Task goal
Output the full listing below exactly; the images stay out.

Recorded data
== == ==

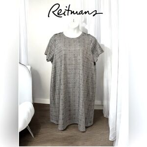 Reitmans, Plus Size Plaid Knee-Length Dress, 3X, Gray, Black
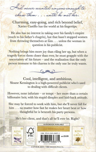 Charming, easy-going, and rich beyond belief, Xavier Castillo has the world at his fingertips.He also has no interest in taking over his family's empire (much to his father's chagrin), but that hasn't stopped women from throwing themselves at him . . . unless the woman in question is his publicist.Nothing brings him more joy than riling her up, but when a tragedy forces them closer than ever, he must grapple with the uncertainty of his future - and the realization that the only person immune tohis charms is the only one he truly wants.
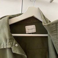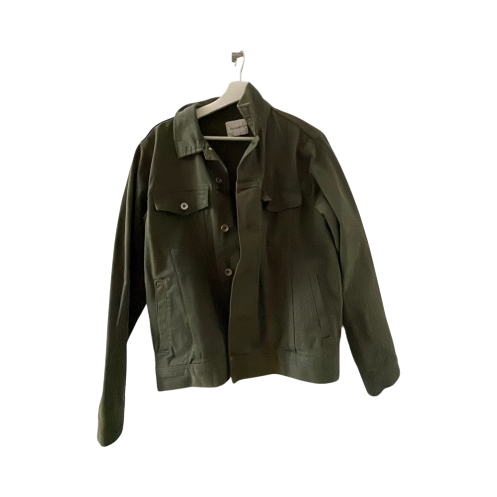 Olive-värinen kevyt takki, napit edessä, kokoa M.

== == ==

Exercise result
 Reitmans, Plus Size Plaid Knee-Length Dress, 3X, Gray, Black
 Charming, easy-going, and rich beyond belief, Xavier Castillo has the world at his fingertips.He also has no interest in taking over his family's empire (much to his father's chagrin), but that hasn't stopped women from throwing themselves at him . . . unless the woman in question is his publicist.Nothing brings him more joy than riling her up, but when a tragedy forces them closer than ever, he must grapple with the uncertainty of his future - and the realization that the only person immune tohis charms is the only one he truly wants.
 Olive-värinen kevyt takki, napit edessä, kokoa M.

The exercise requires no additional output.